I was once in a management position working for a very popular fortune 500 company. The company gave its management employees stock bonuses on a yearly basis based on their . At certain times throughout the year, the employees could login to the stock’s bank and view the amount of stock they held and decide to sell it. If they sold it, they were paid the amount of earnings from the sell within one week. Needless to say, it was like receiving a bonus.

I heard of one of the employees bragging to a member of upper management about how they sold their stock. Instead of receiving a “Wow, how much did you make?” response back, they were scolded. They were then told about how their selling affected the management member as a partner in the company withholding stock.

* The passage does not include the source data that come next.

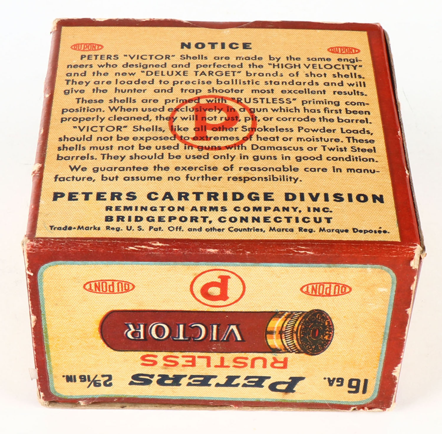Peters Cart. Div., Victor, Rustless, 16ga., 2 9/16'', 1pc., Empty, shot size 8, maroon, cream & orange box, box is solid with light edge wear. Grade: Very Good ++ - Value: 10 to 40
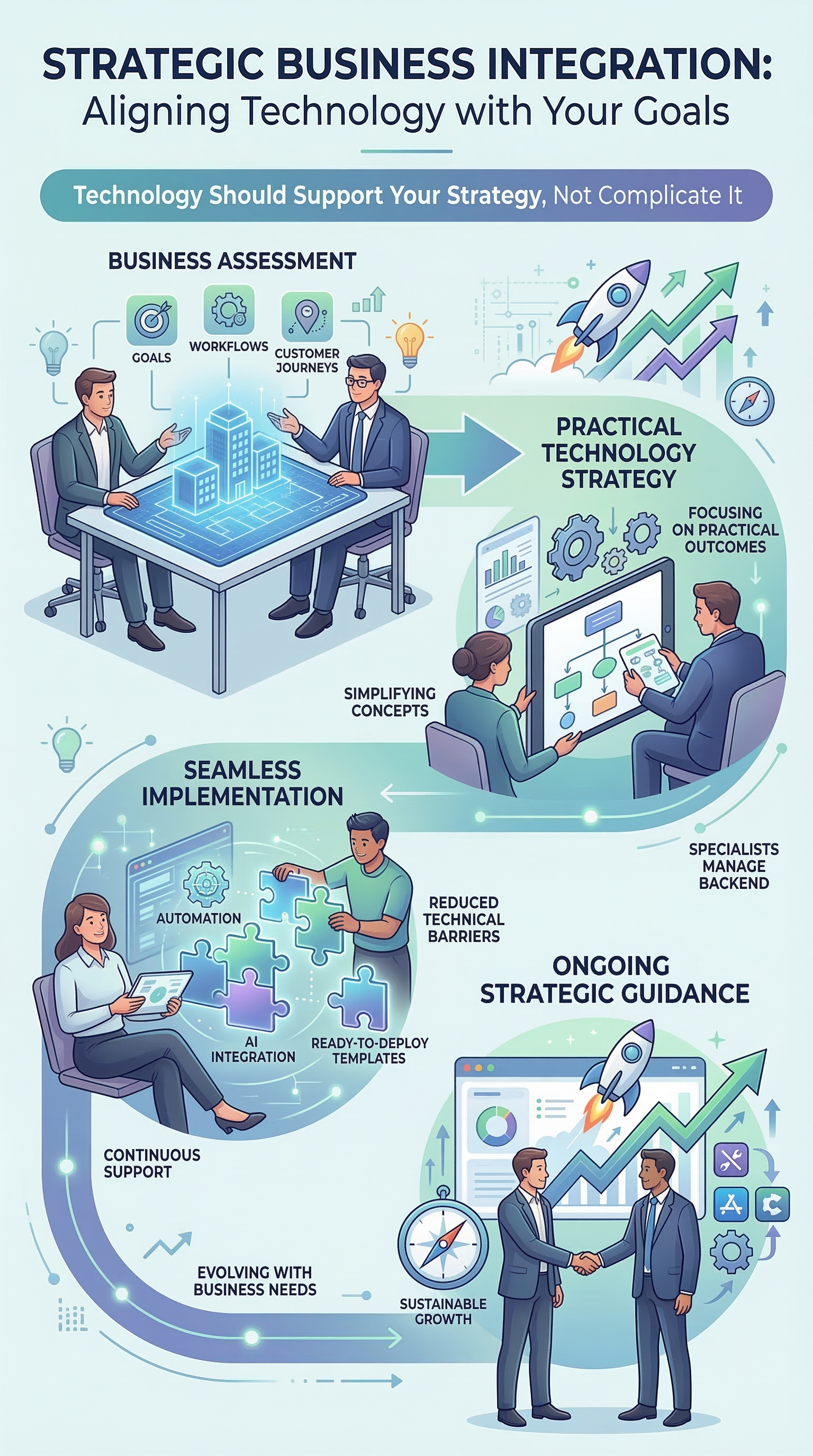Provide ongoing strategic guidance to ensure technology continues to support business growth as tools and platforms evolve. Instead of simply delivering a technical setup, the goal is to integrate technology into the overall business model in a sustainable way. By combining consultancy with implementation, businesses gain both the systems and the strategic direction needed to grow confidently with modern digital tools.
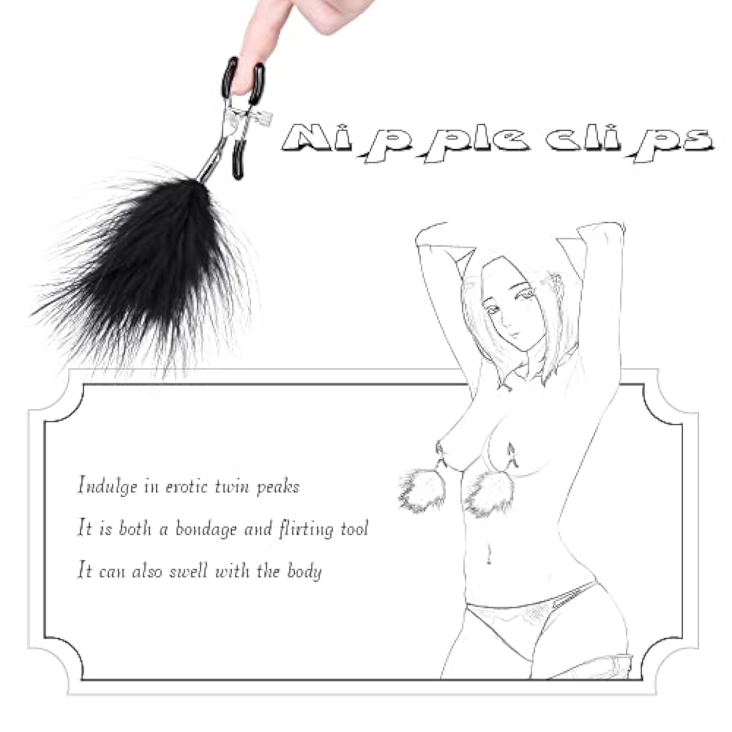 3Pcs Adult Sex Flogger, Fluffy Metal Handcuffs With Keys, Feathered Nipple Clamps Plush Stainless Steel Wrist Cuffs Cosplay Couples Bdsm Beginner Kit (Black)

On this note, here are the things they learned.

 

Good Thing about Holding Stock

When the management employee received the stock, they automatically became an investor. As an investor, it would have been good for them to keep their stock and not sell it. If the other investors (partners) held their stock too, the stock’s trading price would rise as more investors bought and held stock. This is how companies like Amazon and Google have reached such high trading price markings.

 

Bad Thing about Selling Stock

If the management employee went around continually boasting about selling their stock, this could be dangerous for the company. Why; because if other management employees began selling their stocks too, the stock’s trading price would drop. This would happen in the case of enough people selling their stock holdings in the company.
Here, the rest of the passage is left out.